Stream logs until ready marker is seen or timeout.

Returns True if the ready marker was found, False on timeout.

Source code in src/terok_sandbox/runtime.py
def stream_initial_logs(
    container_name: str,
    timeout_sec: float | None,
    ready_check: Callable[[str], bool],
) -> bool:
    """Stream logs until ready marker is seen or timeout.

    Returns ``True`` if the ready marker was found, ``False`` on timeout.
    """
    import select
    import sys
    import threading
    import time

    holder: list[bool] = [False]
    stop_event = threading.Event()
    proc_holder: list[subprocess.Popen | None] = [None]

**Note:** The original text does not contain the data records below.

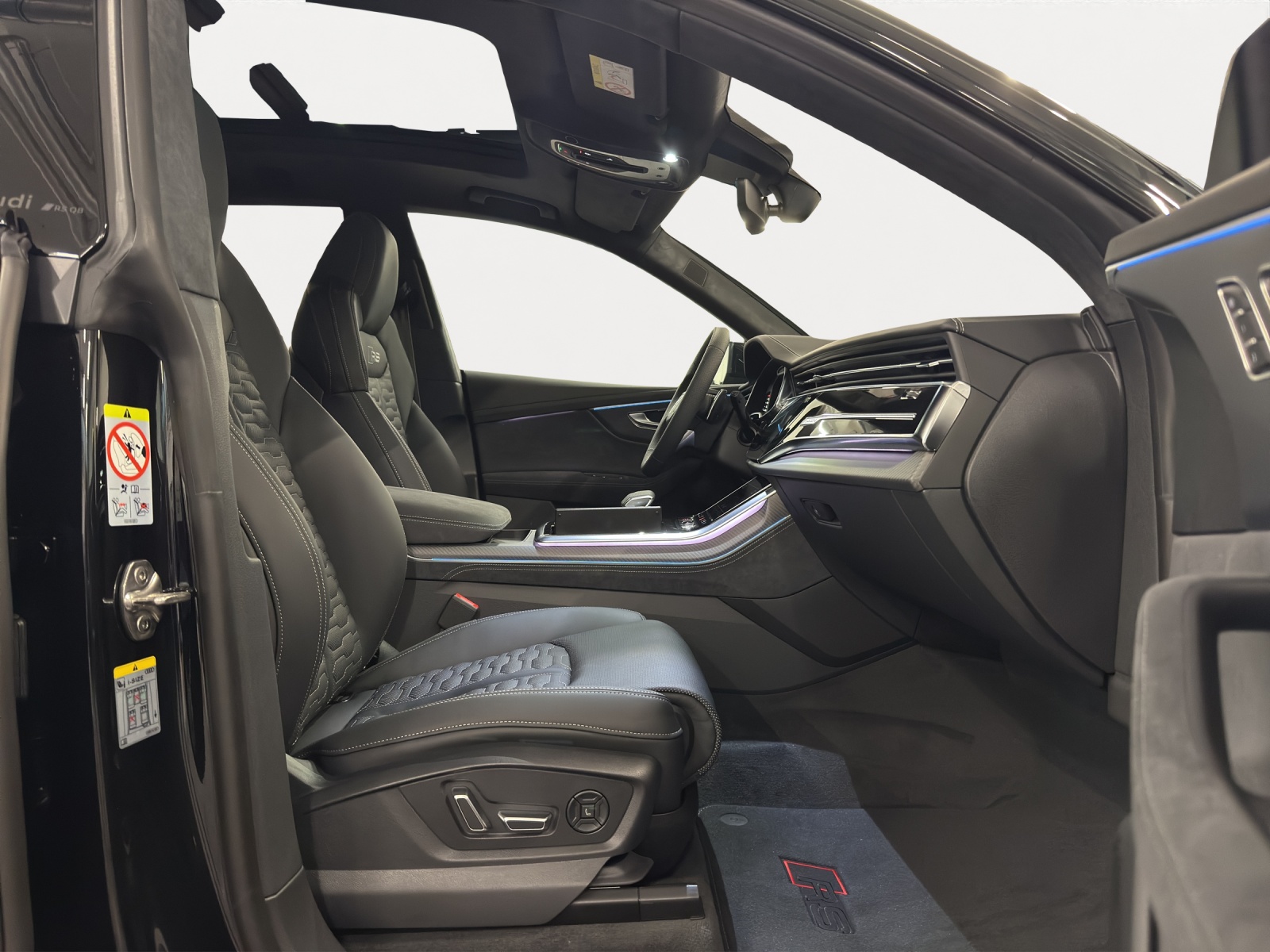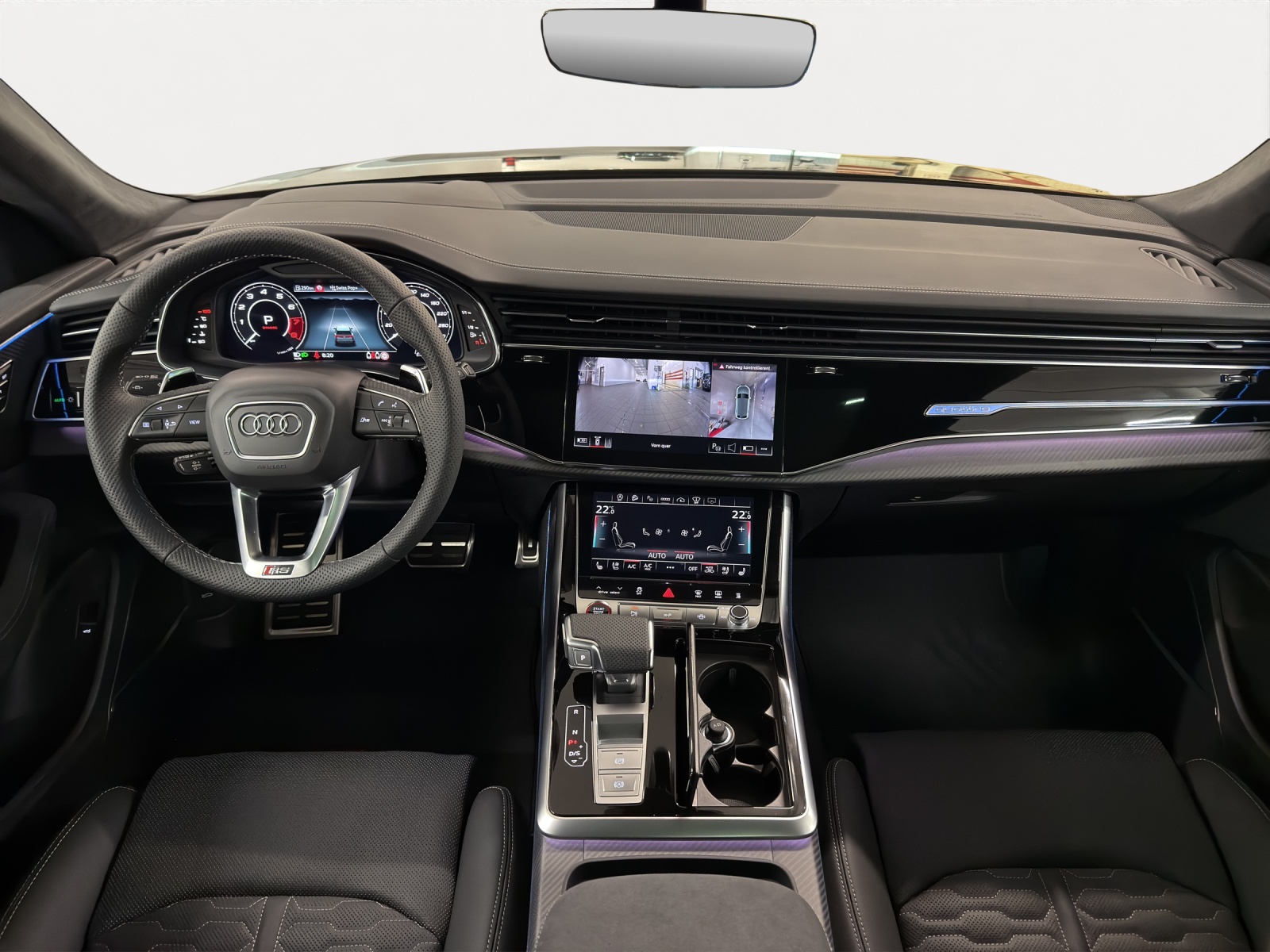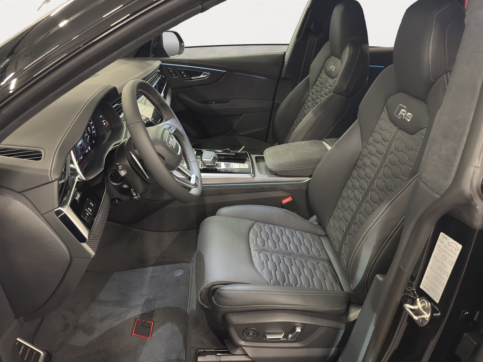 Akustikverglasung Tür- und Seitenscheiben Anhebung der Höchstgeschwindigkeit auf 305 km/h Aussenspiegel in Wagenfarbe Aussenspiegel rechts und links beheizt, elektrisch verstell-/ und einklappbar mit Memory Dekor: Bedienelemente Leder schwarz mit Kontrastnaht Audi exclusive Dekor: Dekoreinlagen Carbon Köper matt Fahrwerk: RS-Keramikbremsanlage mit Bremssätteln rot Frontscheibe mit Klimakomfort- und Akustikverglasung mit grauem Colorstreifen Klima: Standheizung und -lüftung Lackierung: Metallic-Lackierung Licht: Digitale OLED-Heckleuchten Media: Mobilfunk-Signalverstärker Typ 1 Media: USB-Anschlüsse mit Ladefunktion in erster und zweiter Sitzreihe Paket: Assistenzpaket Parken mit Parkassistent plus Paket: Assistenzpaket Plus Paket: Assistenzpaket Stadt Paket: Assistenzpaket Tour Paket: Audi pre sense Fond-Paket Paket: Fahrwerkspaket advanced Paket: Optikpaket schwarz Paket: Optikpaket schwarz plus Paket: RS-Designpaket grau plus Räder: Performance-SUV-Reifen von Pirelli, 295/35 R 23 P Zero Räder: Räder, 5-Y-Speichen, kontrastschwarz matt Sitze: Sitzbelüftung und Massagefunktion vorne Sitze: Sitzheizung vorne und hinten Sonnenschutzrollo elektrisch für hintere Türscheiben, manuell für Heckscheibe Sonnenschutzverglasung, abgedunkelt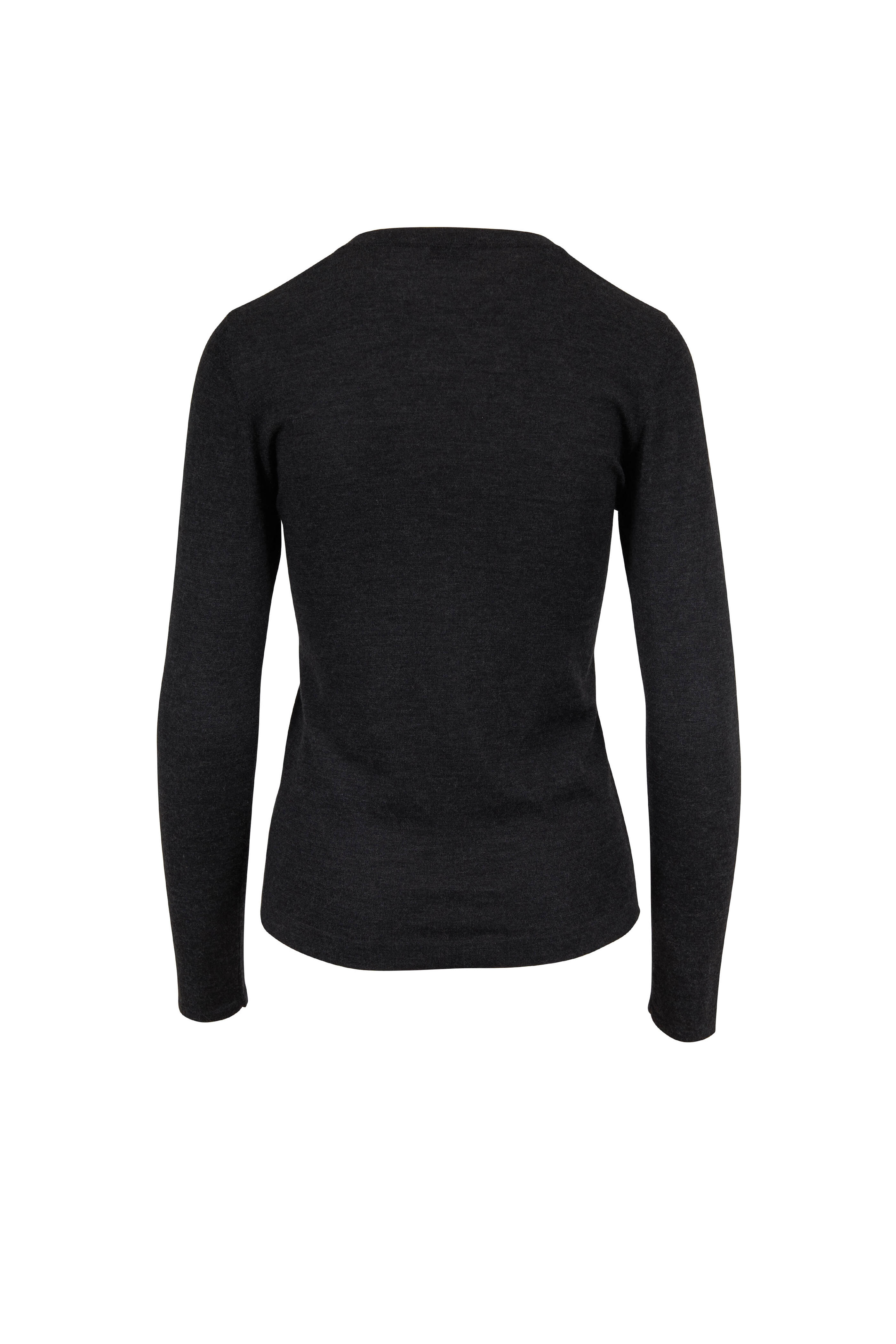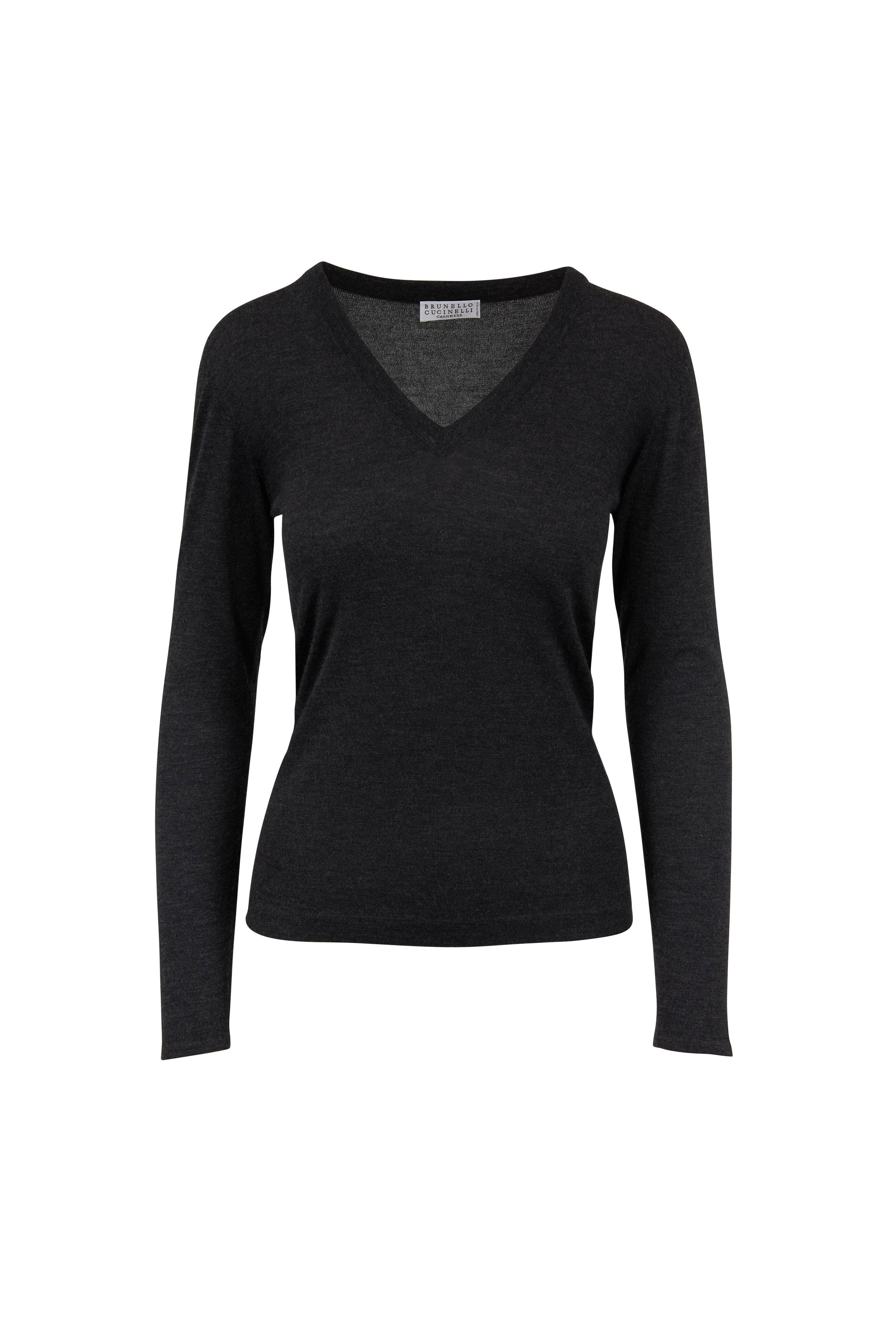 V-neckline. Made in Italy. 70% cashmere, 30% silk. Hand wash.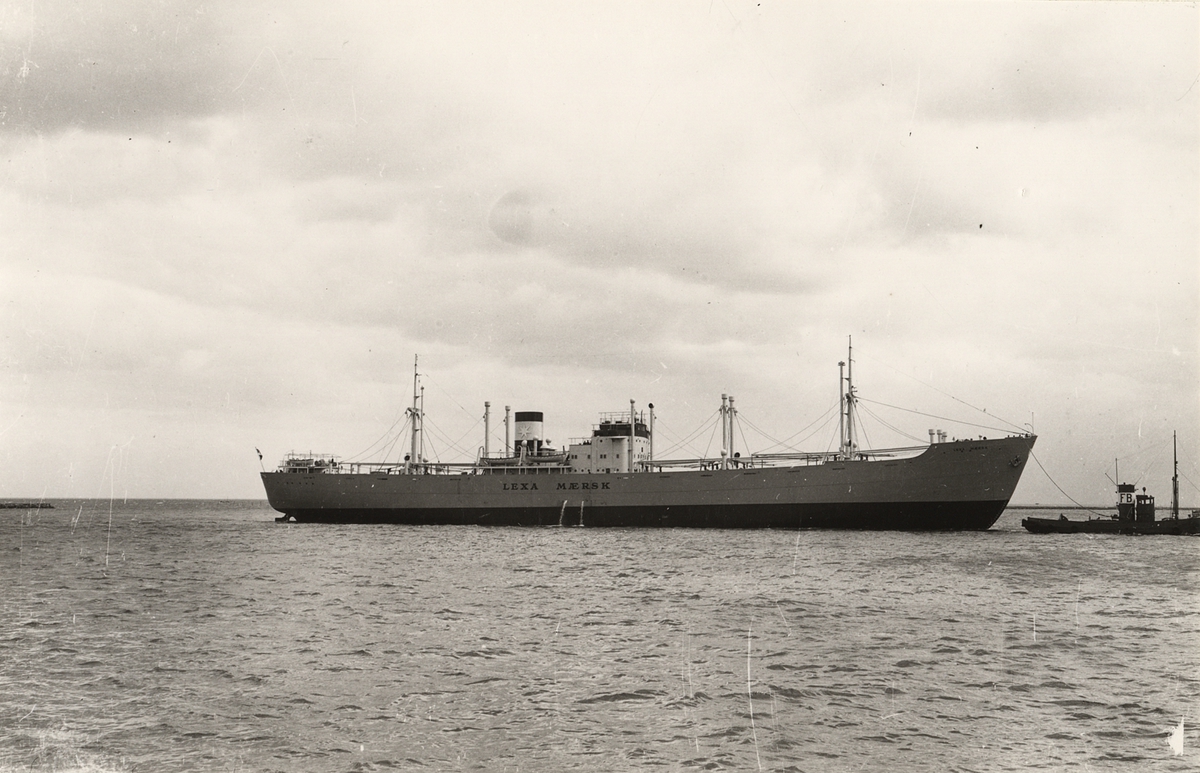 Foto i svartvitt visande lastmotorfartyget "LEXA MAERSK" av Köpenhamn under bogsering i Köpenhamn.

    def _stream_logs() -> None:
        """Follow container logs in a thread, setting *holder[0]* on ready."""
        try:
            proc = subprocess.Popen(
                ["podman", "logs", "-f", container_name],
                stdout=subprocess.PIPE,
                stderr=subprocess.STDOUT,
            )
            proc_holder[0] = proc
            start_time = time.time()
            buf = b""

            while not stop_event.is_set():
                if timeout_sec is not None and time.time() - start_time >= timeout_sec:
                    break
                if proc.poll() is not None:
                    remaining = proc.stdout.read()
                    if remaining:
                        buf += remaining
                    break
                try:
                    ready, _, _ = select.select([proc.stdout], [], [], 0.2)
                    if not ready:
                        continue
                    chunk = proc.stdout.read1(4096) if hasattr(proc.stdout, "read1") else b""
                    if not chunk:
                        continue
                    buf += chunk
                except Exception as exc:
                    log_warning(f"_stream_initial_logs read error: {exc}")
                    break

                while b"\n" in buf:
                    raw_line, buf = buf.split(b"\n", 1)
                    line = raw_line.decode("utf-8", errors="replace").strip()
                    if line:
                        print(line, file=sys.stdout, flush=True)
                        if ready_check(line):
                            holder[0] = True
                            proc.terminate()
                            return

            if buf:
                line = buf.decode("utf-8", errors="replace").strip()
                if line:
                    print(line, file=sys.stdout, flush=True)
                    if ready_check(line):
                        holder[0] = True

            proc.terminate()
        except Exception as exc:
            log_warning(f"_stream_initial_logs error: {exc}")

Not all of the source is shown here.